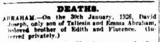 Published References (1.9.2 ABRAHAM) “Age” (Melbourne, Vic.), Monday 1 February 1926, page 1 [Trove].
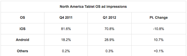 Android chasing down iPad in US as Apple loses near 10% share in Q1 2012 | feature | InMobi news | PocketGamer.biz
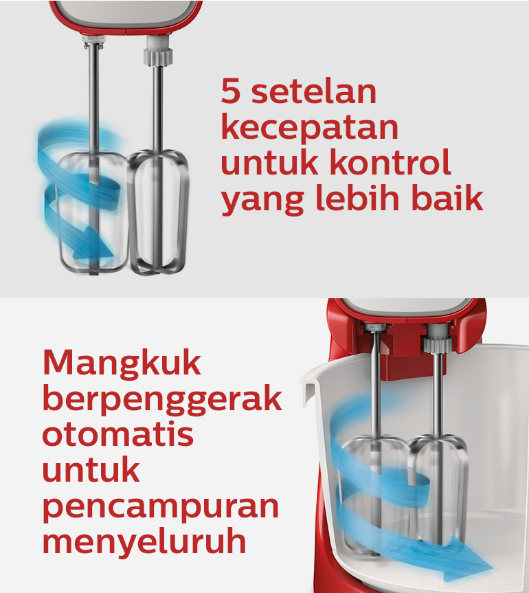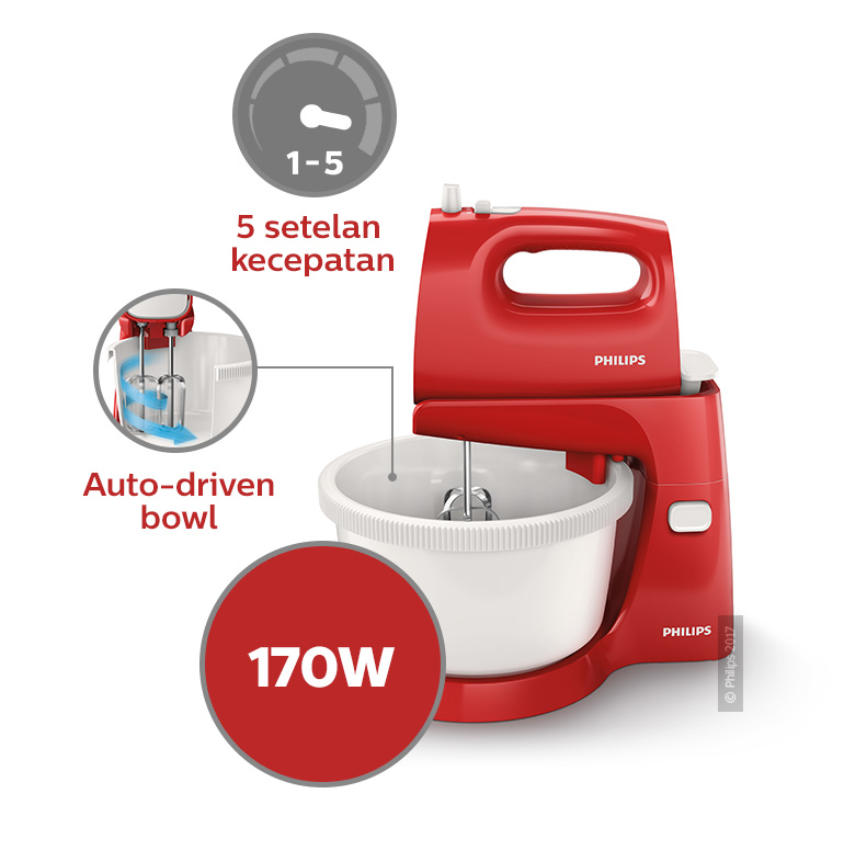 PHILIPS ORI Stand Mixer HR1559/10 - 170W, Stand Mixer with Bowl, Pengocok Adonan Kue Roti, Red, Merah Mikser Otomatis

▶ What the task asks
Since the pictures are not wanted, repeat only the rest of the material, exactly as given.

▶ Answer section
 Published References (1.9.2 ABRAHAM) “Age” (Melbourne, Vic.), Monday 1 February 1926, page 1 [Trove].
 Android chasing down iPad in US as Apple loses near 10% share in Q1 2012 | feature | InMobi news | PocketGamer.biz
 PHILIPS ORI Stand Mixer HR1559/10 - 170W, Stand Mixer with Bowl, Pengocok Adonan Kue Roti, Red, Merah Mikser Otomatis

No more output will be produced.